Le Labour a déjà dit vouloir embaucher 6.500 professeurs et rétablir la TVA pour les écoles privées.
Sur l'immigration, il veut abandonner le controversé projet du gouvernement conservateur d'envoyer des demandeurs d'asile vers le Rwanda mais veut, comme la majorité actuelle, réduire le nombre d'arrivées au Royaume-Uni.
Le parti compte réaffirmer le soutien britannique à l'Ukraine face à la Russie et vise une reconnaissance de l'Etat palestinien dans le cadre d'un processus de paix.
- Baisses d'impôt -
Alors qu'en France l'extrême droite aborde les législatives en position de force et qu'un retour de Donald Trump à la Maison Blanche est sérieusement envisagé aux Etats-Unis, le Labour est en position de force au Royaume-Uni et Keir Starmer, un ancien avocat de 61 ans, semble plus que jamais aux portes du 10, Downing Street.
Après avoir créé la surprise en convoquant des élections en juillet et non à l'automne, Rishi Sunak, riche ancien banquier de 44 ans, n'a jamais réussi à remonter son retard dans les sondages.
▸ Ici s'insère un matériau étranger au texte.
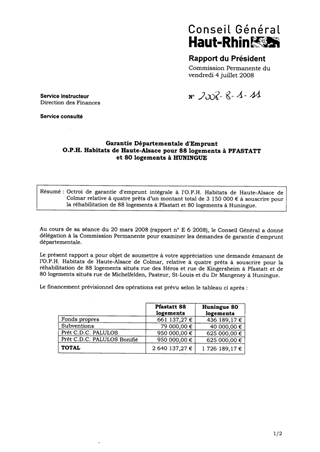 Octroi de garantie d'emprunt intégrale à l'O.P.H. Habitats de Haute-Alsace de Colmar relative à quatre prêts d’un montant total de 3 150 000 € à souscrire pour la réhabilitation de 88 logements à Pfastatt et 80 logements à Huningue.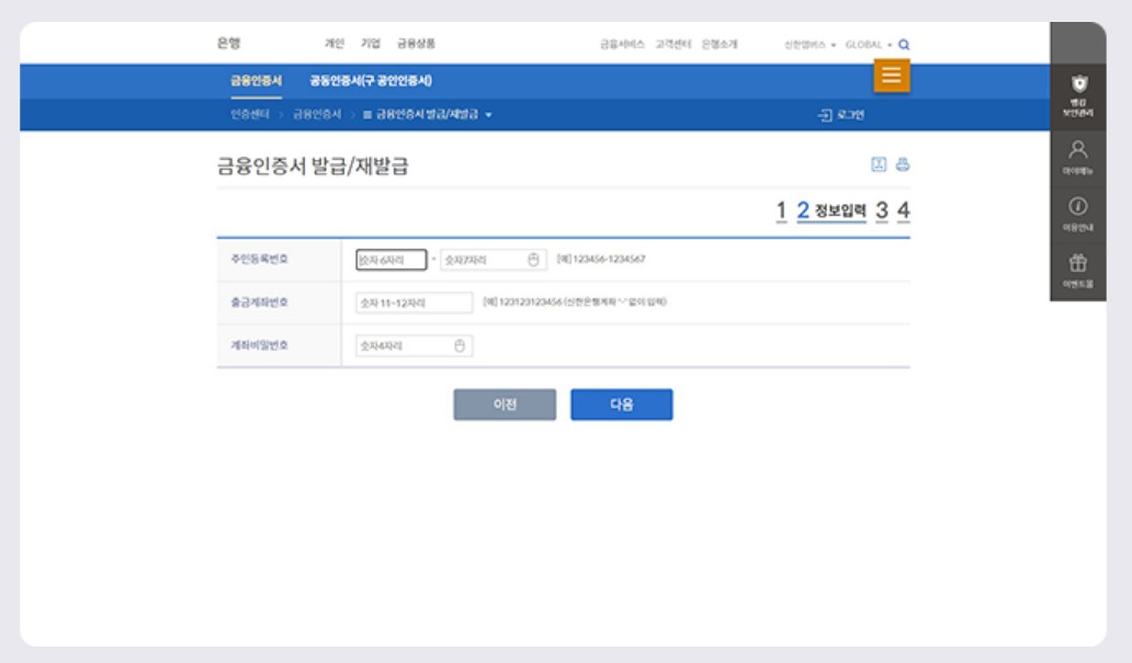 2.신원확인 단계로 주민번호, 계좌번호, 보안카드 등으로 신원 확인 단계를 진행 합니다.

Pire, il a provoqué la consternation en écourtant sa présence aux commémorations du 80e anniversaire du Débarquement en Normandie pour répondre à une interview télévisée.
Mardi, la publication de son programme comprenant des milliards de baisses d'impôts a été accueillie sans enthousiasme.
Et à droite, il voit le parti anti-immigration Reform UK du médiatique Nigel Farage progresser.
La déroute est telle que la campagne des Tories insiste désormais sur le risque d'un raz-de-marée travailliste laissant Keir Starmer sans contre-pouvoir. Un signe que la défaite est considérée comme acquise? "Absolument pas", a répliqué Rishi Sunak mercredi.